The Sergeant nodded and turned away to organize a squad-sized patrol. It was possible a big drug shipment was being smuggled over and that meant the post would come under attack to stop them interfering. The only problem was that there had been no such shipments for two years or more. It was whispered that the Myanmar Junta had a huge new customer who was taking all the street corner pharmaceuticals they could produce. As he turned, over in the tree-line beyond the post perimeter, a flock of birds took to the skies, screaming in protest at the interruption of their nightly rest. Sergeant and Captain looked at each other with their eyes widened in recognition of what the disturbance signified, the Lon’s hand smacked the alert button. The wail of the ‘to arms’ siren almost drowned out the whistle of the descending mortar rounds.
Whoever the mortar crews were, they were good. The first salvo of rounds crashed into the barracks area, shattering the timber buildings and setting the ruins ablaze.

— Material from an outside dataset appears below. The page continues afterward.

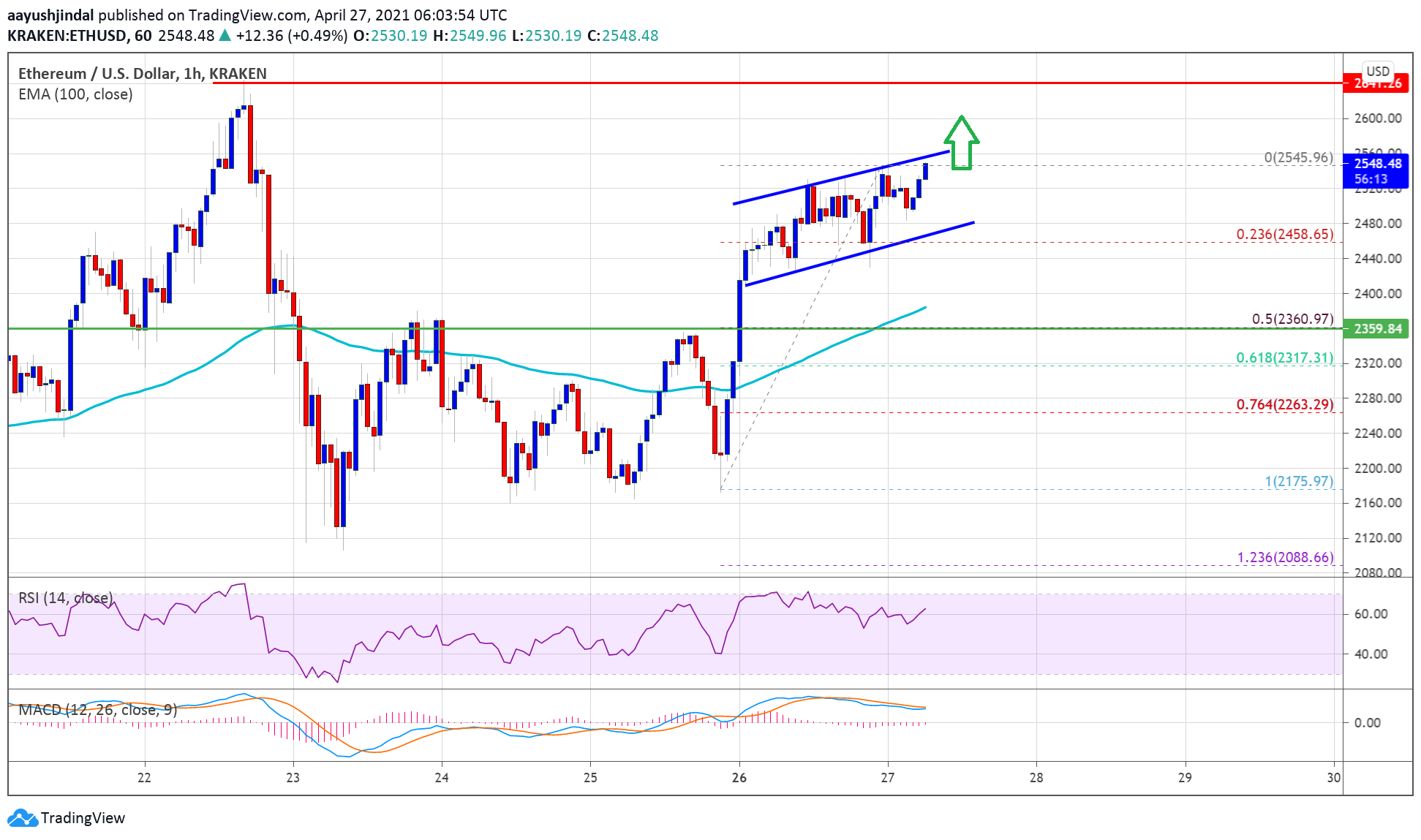 There was a clear break above the $2,500 level and the price tested the $2,550 zone. A high is formed near $2,545 and the price is consolidating gains. There is a key rising channel forming with support near $2,480 on the hourly chart of ETH/USD.

By the light of the fires, Lon saw the men and women of his unit scattering to their pre-set defense positions on the perimeter. The warning had been adequate, just, to get most of them out of the barracks but he could see from the numbers that some hadn’t made it and that his little force had already been depleted. Then the ground shook under his feet as further salvos of mortar rounds struck home. His command post had been one of the targets of the latest barrage and he saw it crumpling under the impacts. Even worse, the radio shack was also a burning ruin. Border Post 1147E was isolated from help.

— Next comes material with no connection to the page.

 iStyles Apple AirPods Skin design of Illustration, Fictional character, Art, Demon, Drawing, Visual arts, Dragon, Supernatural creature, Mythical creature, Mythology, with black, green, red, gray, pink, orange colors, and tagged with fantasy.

Lon knew something else, the mortar fire was too precise, too accurate for this to be a normal border incident. The troops out there were Myanmar Army regulars. Not just regulars but troops from one of the few really competent units in the Myanmar Army. Most Myanmarese units were a joke, a ‘battalion’ might be as few as twenty men, armed with light infantry weapons, and with a few porters to carry their supplies. This unit was different, they knew what they were doing, were here in strength and had a full complement of weaponry. As if to confirm his impression, the whole post area was suddenly bathed in brilliant light. The mortars had switched to firing flares, illuminating their targets while the surrounding jungle remained in darkness. The crackle of machine gun fire from his defenses just confirmed what he already knew, the main attack was just starting.